#### Work item
Give again, exactly as written, the lines of the records below from the line with "Dès les premières" to the line with "Dan Burn, leikmaður". Both end lines count; pictures do not.

***** Extracted entries *****

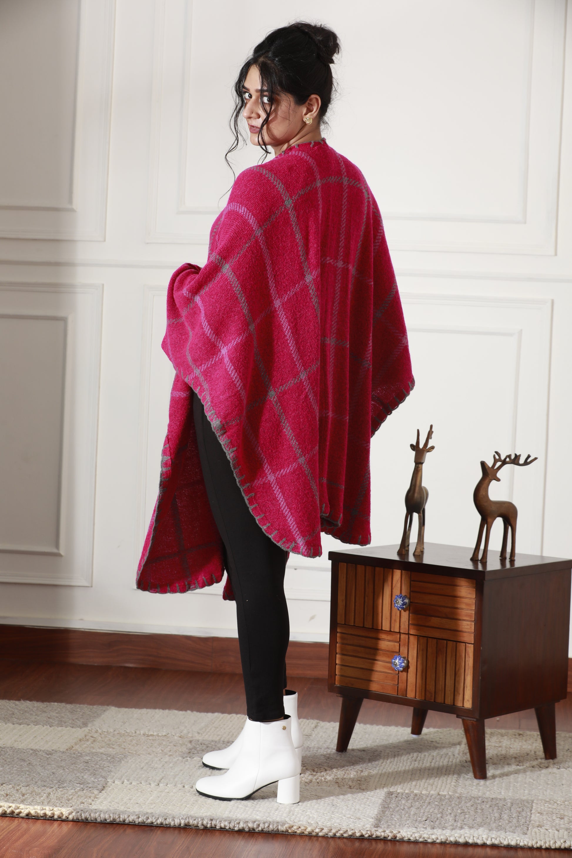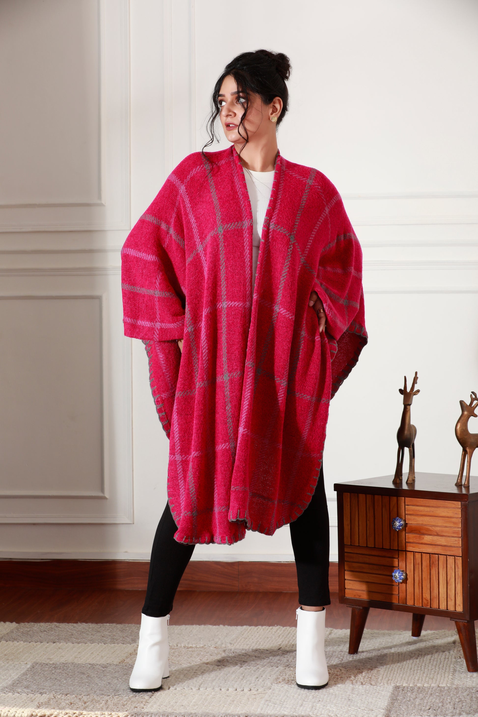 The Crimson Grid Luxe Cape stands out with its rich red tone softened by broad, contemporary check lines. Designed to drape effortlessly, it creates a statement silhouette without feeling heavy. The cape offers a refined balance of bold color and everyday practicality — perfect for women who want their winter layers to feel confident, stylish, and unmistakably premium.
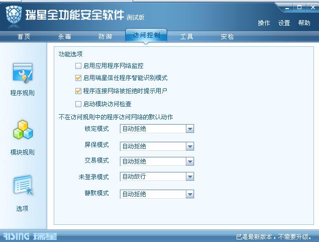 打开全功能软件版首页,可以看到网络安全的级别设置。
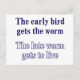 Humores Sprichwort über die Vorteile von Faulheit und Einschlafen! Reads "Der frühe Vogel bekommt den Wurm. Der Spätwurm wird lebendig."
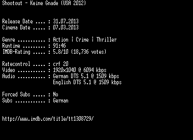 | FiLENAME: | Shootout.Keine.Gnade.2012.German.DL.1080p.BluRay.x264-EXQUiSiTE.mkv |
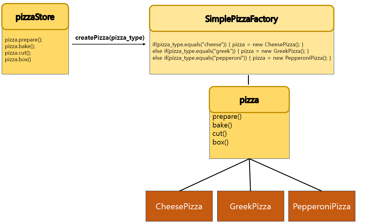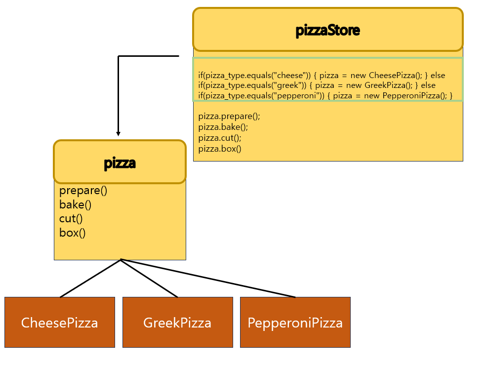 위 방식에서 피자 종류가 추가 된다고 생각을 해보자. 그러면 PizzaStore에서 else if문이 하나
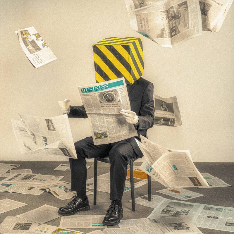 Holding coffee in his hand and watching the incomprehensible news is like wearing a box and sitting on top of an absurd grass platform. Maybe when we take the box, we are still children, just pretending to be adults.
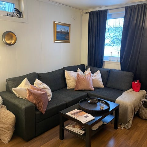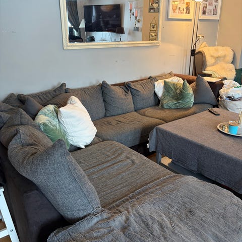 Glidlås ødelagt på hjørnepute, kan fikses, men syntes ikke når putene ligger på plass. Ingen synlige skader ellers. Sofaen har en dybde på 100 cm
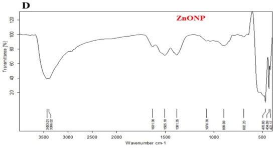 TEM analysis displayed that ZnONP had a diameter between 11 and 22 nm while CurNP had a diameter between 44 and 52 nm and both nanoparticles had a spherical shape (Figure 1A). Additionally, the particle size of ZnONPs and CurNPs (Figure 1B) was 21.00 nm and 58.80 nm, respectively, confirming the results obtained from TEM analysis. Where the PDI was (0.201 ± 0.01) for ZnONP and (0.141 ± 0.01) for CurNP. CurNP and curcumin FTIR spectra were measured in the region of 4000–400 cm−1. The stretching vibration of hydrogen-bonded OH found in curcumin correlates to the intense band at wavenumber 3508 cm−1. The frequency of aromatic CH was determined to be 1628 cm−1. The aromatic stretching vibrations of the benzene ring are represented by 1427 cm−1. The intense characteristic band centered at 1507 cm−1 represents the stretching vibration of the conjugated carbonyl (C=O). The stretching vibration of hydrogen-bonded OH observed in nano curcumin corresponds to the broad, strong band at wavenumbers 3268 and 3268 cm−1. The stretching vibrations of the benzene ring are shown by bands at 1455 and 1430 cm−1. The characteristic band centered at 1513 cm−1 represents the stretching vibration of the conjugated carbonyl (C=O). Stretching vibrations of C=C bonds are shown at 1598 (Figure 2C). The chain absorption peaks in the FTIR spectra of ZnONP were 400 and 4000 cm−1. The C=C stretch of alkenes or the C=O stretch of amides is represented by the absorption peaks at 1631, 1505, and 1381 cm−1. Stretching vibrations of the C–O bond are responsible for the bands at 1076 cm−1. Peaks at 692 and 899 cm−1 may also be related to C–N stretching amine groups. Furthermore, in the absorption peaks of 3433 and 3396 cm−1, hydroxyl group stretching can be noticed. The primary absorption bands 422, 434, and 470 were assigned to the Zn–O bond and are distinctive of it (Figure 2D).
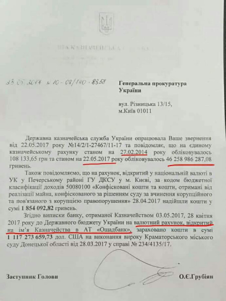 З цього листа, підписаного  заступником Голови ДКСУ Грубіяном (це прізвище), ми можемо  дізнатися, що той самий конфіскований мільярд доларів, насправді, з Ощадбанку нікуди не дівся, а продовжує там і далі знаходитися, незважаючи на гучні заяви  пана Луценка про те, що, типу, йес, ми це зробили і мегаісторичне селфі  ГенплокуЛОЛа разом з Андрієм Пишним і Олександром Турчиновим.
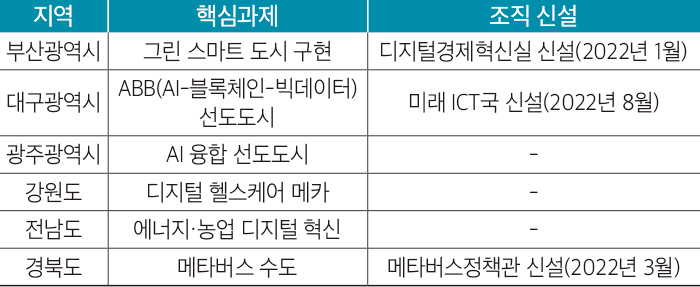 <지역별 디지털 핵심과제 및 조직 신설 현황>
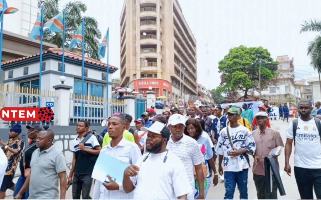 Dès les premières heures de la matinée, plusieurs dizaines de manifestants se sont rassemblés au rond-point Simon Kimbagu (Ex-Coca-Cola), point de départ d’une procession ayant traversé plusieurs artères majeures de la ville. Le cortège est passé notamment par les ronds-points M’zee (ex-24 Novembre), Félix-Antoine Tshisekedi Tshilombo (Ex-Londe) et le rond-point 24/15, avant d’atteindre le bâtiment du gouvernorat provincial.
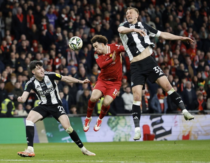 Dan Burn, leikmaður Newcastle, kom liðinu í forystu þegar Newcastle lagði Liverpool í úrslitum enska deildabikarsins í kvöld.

*****
***** Extracted entries *****

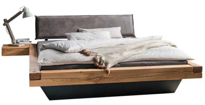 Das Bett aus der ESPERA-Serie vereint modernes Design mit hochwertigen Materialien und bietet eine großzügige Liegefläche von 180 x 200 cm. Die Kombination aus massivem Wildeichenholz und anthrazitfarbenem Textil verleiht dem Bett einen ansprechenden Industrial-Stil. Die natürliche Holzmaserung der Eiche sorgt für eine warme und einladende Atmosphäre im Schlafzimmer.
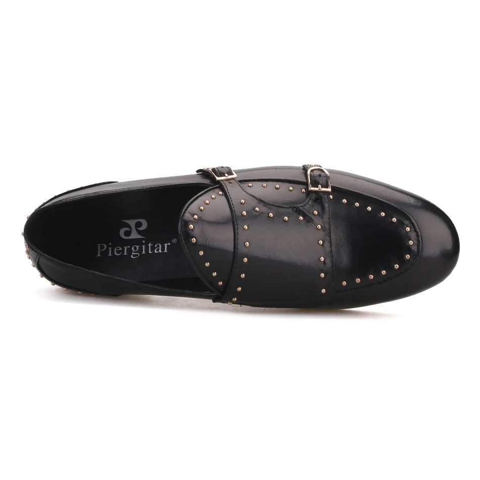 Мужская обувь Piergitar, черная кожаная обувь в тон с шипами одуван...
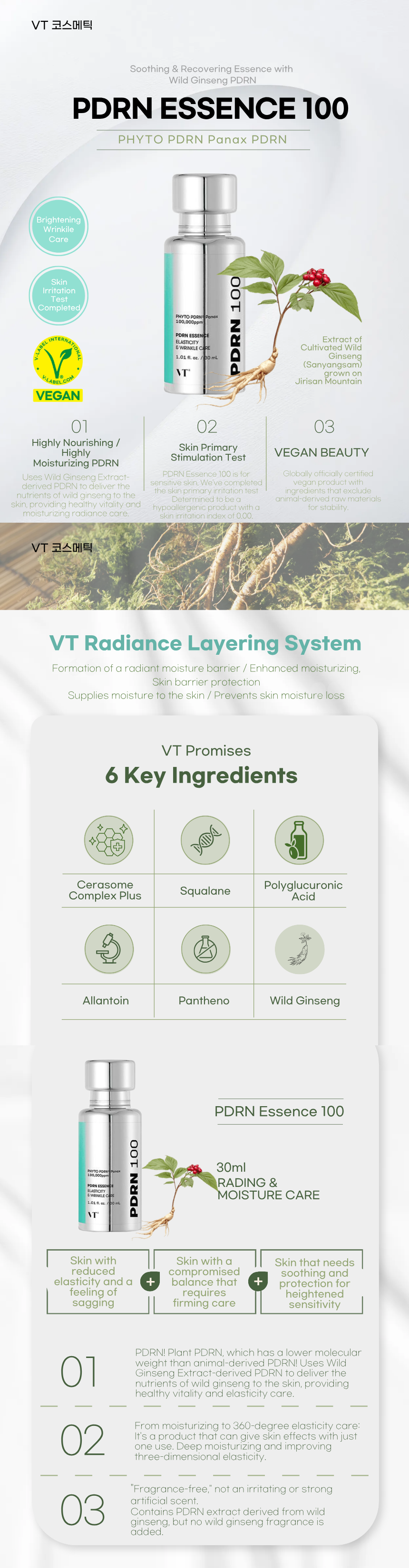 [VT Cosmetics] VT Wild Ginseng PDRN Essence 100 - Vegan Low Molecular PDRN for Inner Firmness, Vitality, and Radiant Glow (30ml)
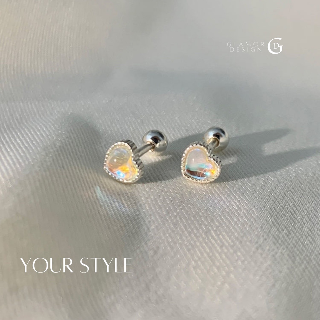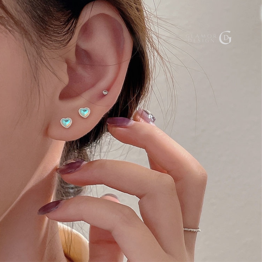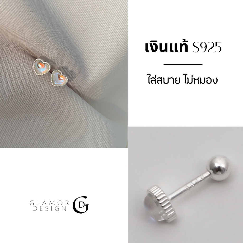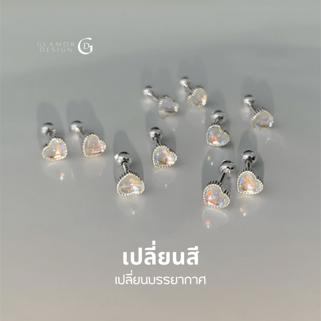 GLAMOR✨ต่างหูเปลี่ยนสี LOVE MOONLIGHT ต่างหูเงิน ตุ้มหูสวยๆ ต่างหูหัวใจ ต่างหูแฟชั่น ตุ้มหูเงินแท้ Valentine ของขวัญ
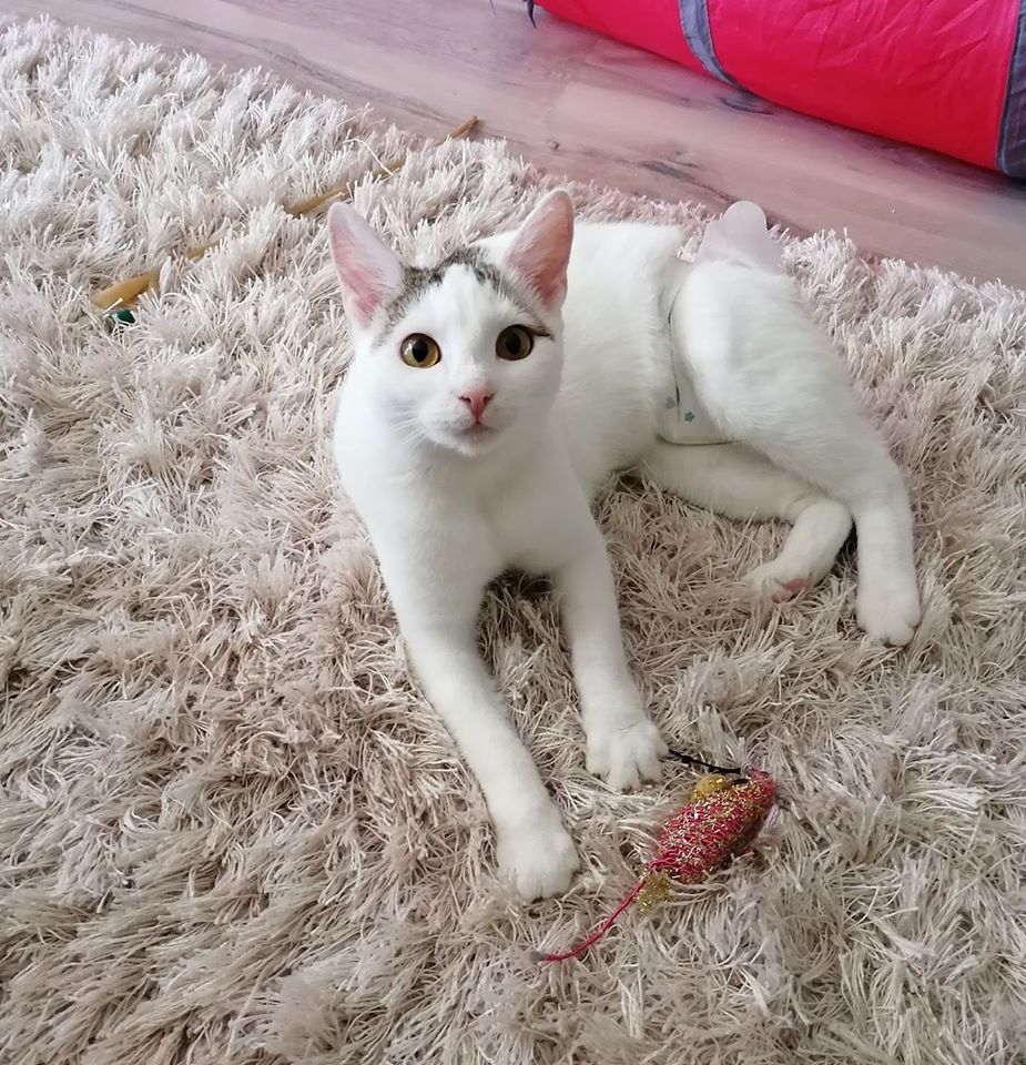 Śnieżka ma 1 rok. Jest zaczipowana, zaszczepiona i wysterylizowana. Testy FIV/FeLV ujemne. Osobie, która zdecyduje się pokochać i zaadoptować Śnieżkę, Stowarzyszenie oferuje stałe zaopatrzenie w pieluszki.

*****
***** Extracted entries *****

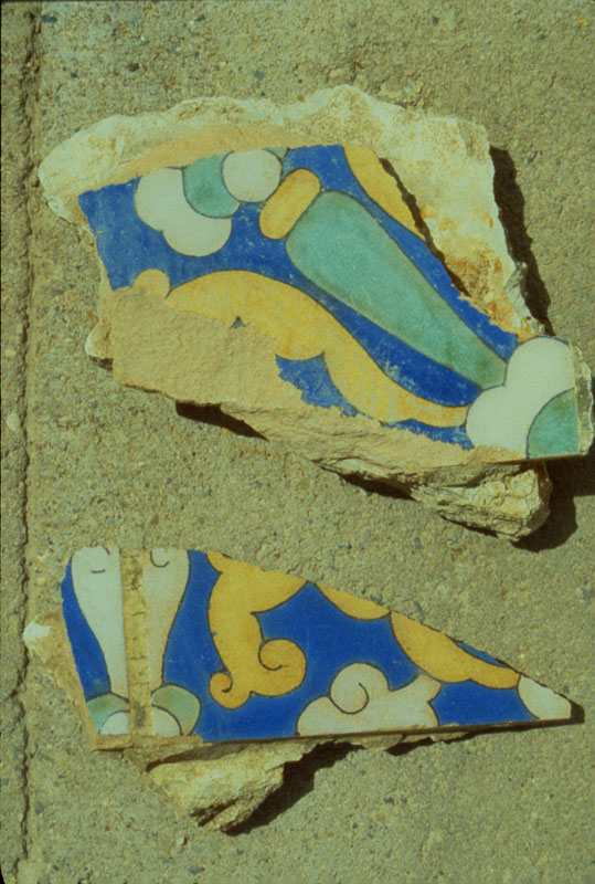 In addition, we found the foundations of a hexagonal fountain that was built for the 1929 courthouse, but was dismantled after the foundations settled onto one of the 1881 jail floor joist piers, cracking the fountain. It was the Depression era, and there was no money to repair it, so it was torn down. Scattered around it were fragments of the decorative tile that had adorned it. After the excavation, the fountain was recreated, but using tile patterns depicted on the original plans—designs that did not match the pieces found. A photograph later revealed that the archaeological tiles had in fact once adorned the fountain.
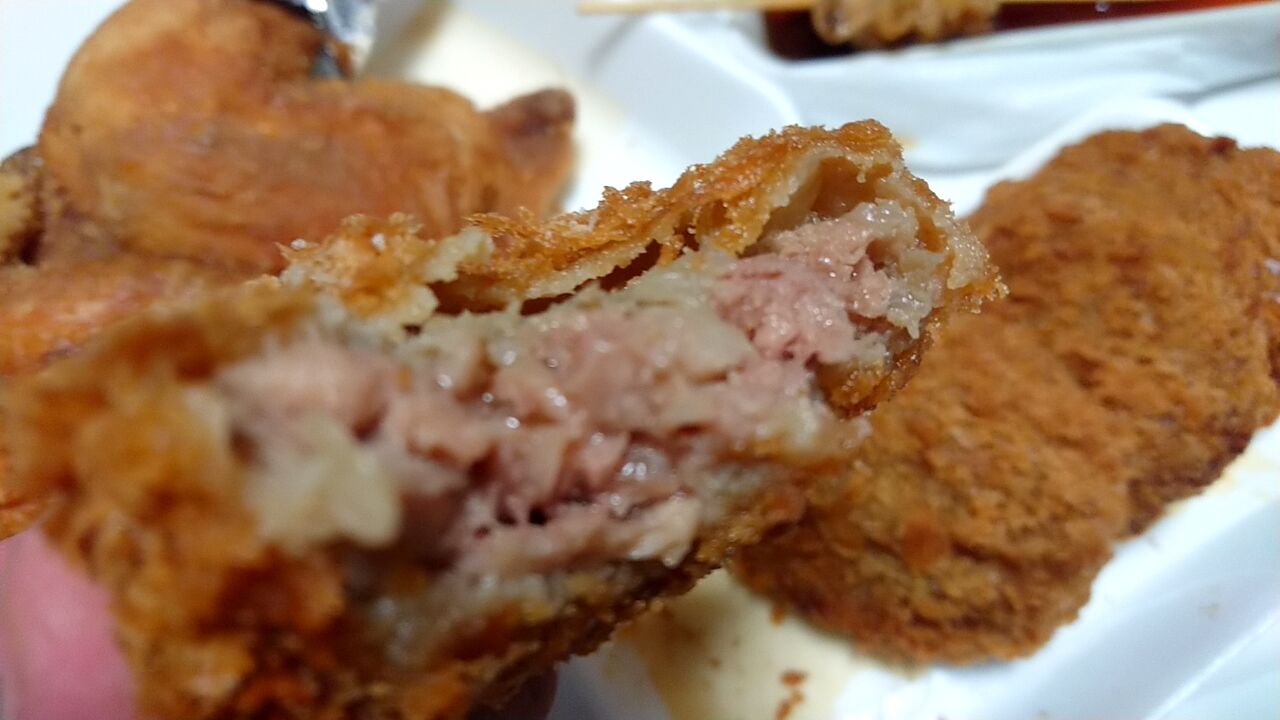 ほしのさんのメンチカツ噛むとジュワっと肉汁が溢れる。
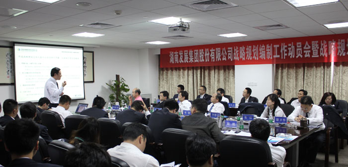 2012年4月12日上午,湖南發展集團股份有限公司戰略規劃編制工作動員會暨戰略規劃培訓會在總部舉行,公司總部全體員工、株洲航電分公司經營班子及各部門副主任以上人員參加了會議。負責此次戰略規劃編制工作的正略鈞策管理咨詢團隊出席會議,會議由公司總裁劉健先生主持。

*****

#### Response area
 Dès les premières heures de la matinée, plusieurs dizaines de manifestants se sont rassemblés au rond-point Simon Kimbagu (Ex-Coca-Cola), point de départ d’une procession ayant traversé plusieurs artères majeures de la ville. Le cortège est passé notamment par les ronds-points M’zee (ex-24 Novembre), Félix-Antoine Tshisekedi Tshilombo (Ex-Londe) et le rond-point 24/15, avant d’atteindre le bâtiment du gouvernorat provincial.
 Dan Burn, leikmaður Newcastle, kom liðinu í forystu þegar Newcastle lagði Liverpool í úrslitum enska deildabikarsins í kvöld.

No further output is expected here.